Early Germanic Law

Early Germanic Law

Several Latin law codes of the Germanic peoples written in the Early Middle Ages (also known as leges barbarorum "laws of the barbarians") survive, dating to between the 5th and 9th centuries. They are influenced by Roman law, ecclesiastical law, and earlier tribal customs.

Germanic law was codified in writing under the influence of Roman law; previously it was held in the memory of designated individuals who acted as judges in confrontations and meted out justice according to customary rote, based on careful memorization of precedent. Among the Franks they were called rachimburgs. "Living libraries, they were law incarnate, unpredictable and terrifying." When justice is oral, the judicial act is personal and subjective. Power, whose origins were at once magical, divine and military, as Michel Rouche has pointed out, was exercised jointly by the "throne-worthy" elected king and his free warrior companions. Oral law sufficed as long as the warband was not settled in one place. Germanic law made no provisions for the public welfare, the res publica of Romans

The principal examples are:

  • Code of Euric, (Visigoths) - c. 480
  • Lex Burgundionum, (Burgundians, Gundobad) - c. 500
  • Lex Salica (Salian Franks, Clovis I) - c. 500
  • Pactus Alamannorum (Alamanni) - c. 620
  • Lex Ripuaria (Ripuarian Franks) - 630s
  • Edictum Rothari (Lombards, Rothari) - 643
  • Lex Visigothorum (Visigoths, Recceswinth) - 654
  • Lex Alamannorum (Alamanni) - 730
  • Lex Bajuvariorum (Bavarians) - c. 745
  • Lex Frisionum (Frisians) - c. 785
  • Lex Saxonum (Saxons) - 803
  • Lex Angliorum et Werinorum, hoc est, Thuringorum - 9th century

The language of all these continental codes was Latin; the only known codes drawn up in any Germanic language were the Anglo-Saxon laws, beginning with the Laws of Æthelberht (7th century). In the 13th century customary Saxon law was codified in the vernacular as the Sachsenspiegel.

All these laws may be described in general as codes of governmental procedure and tariffs of compositions.
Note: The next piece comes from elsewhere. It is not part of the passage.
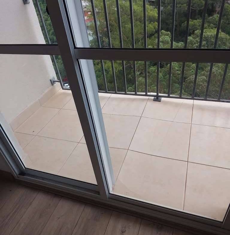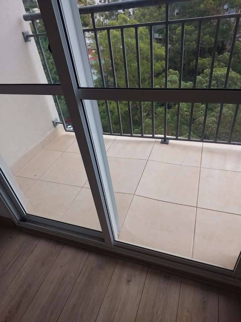 - Living para 3 ambientes integrados à cozinha, voltado para varanda com guarda corpo de metal e vista.
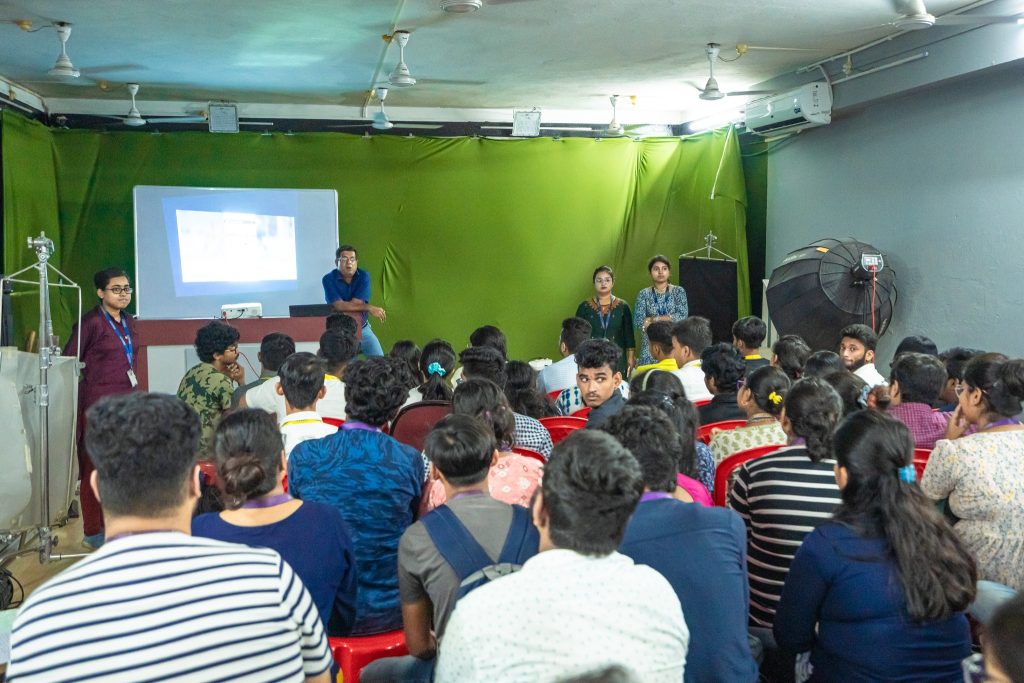 To explore this career option, sports journalist Sayantan Ghosh conducted a workshop on ‘Sports Photography’ for the Multimedia students.

They all present somewhat similar features with Salic law, the best-known example, but often differ from it in the date of compilation, the amounts of fines, the number and nature of the crimes, the number, rank, duties and titles of the officers, etc.

In Germanic Europe in the Early Middle Ages, every man was tried according to the laws of his own race, whether Roman, Salian or Ripuarian Frank, Burgundian, Visigoth, Bavarian etc.

A number of separate codes were drawn up specifically to deal with cases between ethnic Romans. These codes differed from the normal ones that covered cases between Germanic peoples, or between Germanic people and Romans. The most notable of these are the Lex Romana Visigothorum or Breviary of Alaric (506), the Lex Romana Curiensis and the Lex Romana Burgundionum.